§ Exercise instructions: Copy, word for word, the lines of the listing below from the line with "Ins 만화 Jiyka" up to and including the line with "- Yellowish Brown". Drop the pictures.

§ Task inputs:
_ _ _ _ _ _ _

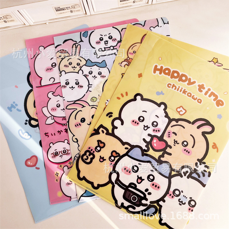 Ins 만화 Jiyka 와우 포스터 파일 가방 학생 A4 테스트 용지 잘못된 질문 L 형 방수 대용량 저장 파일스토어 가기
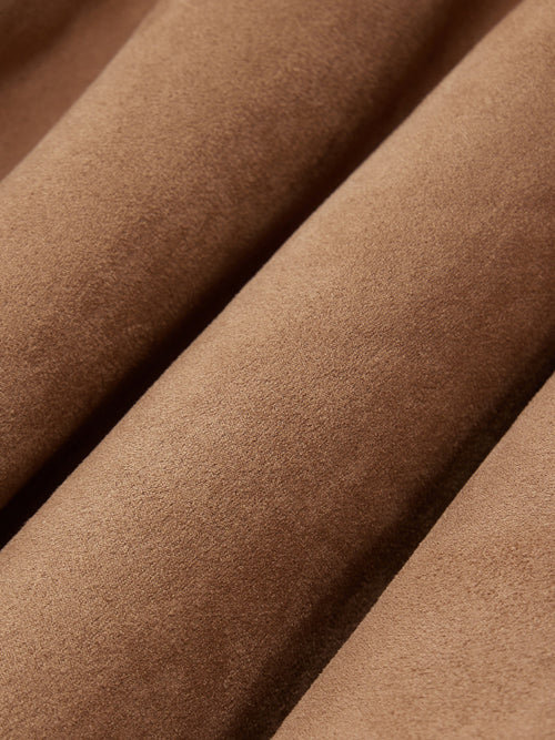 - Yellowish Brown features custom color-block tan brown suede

_ _ _ _ _ _ _

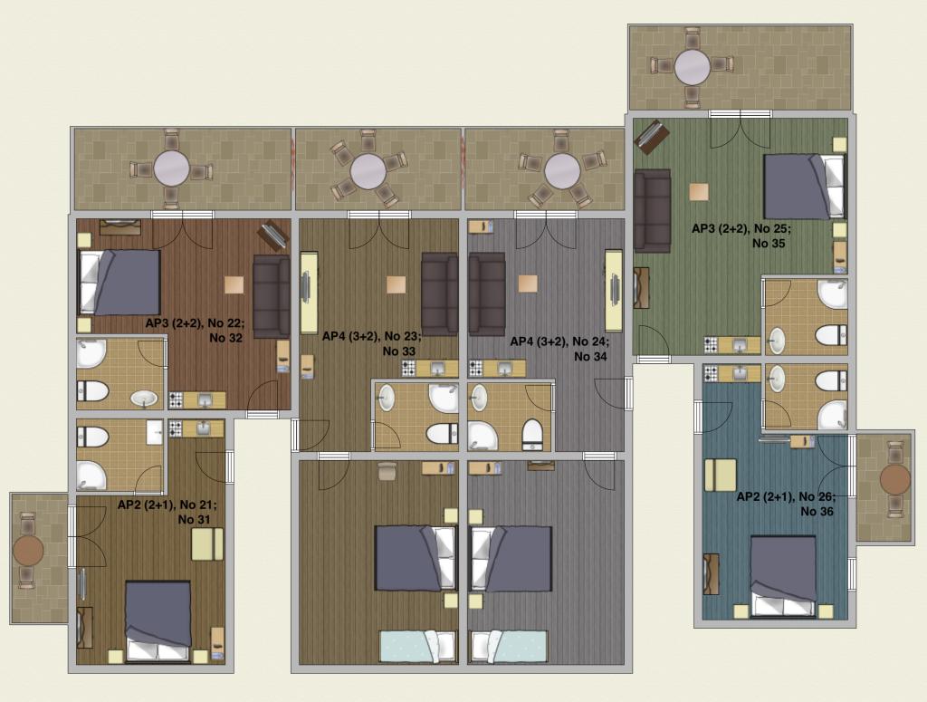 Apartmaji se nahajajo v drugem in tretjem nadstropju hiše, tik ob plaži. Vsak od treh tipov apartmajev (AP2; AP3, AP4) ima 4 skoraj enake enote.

_ _ _ _ _ _ _

§ Result:
 Ins 만화 Jiyka 와우 포스터 파일 가방 학생 A4 테스트 용지 잘못된 질문 L 형 방수 대용량 저장 파일스토어 가기
 - Yellowish Brown features custom color-block tan brown suede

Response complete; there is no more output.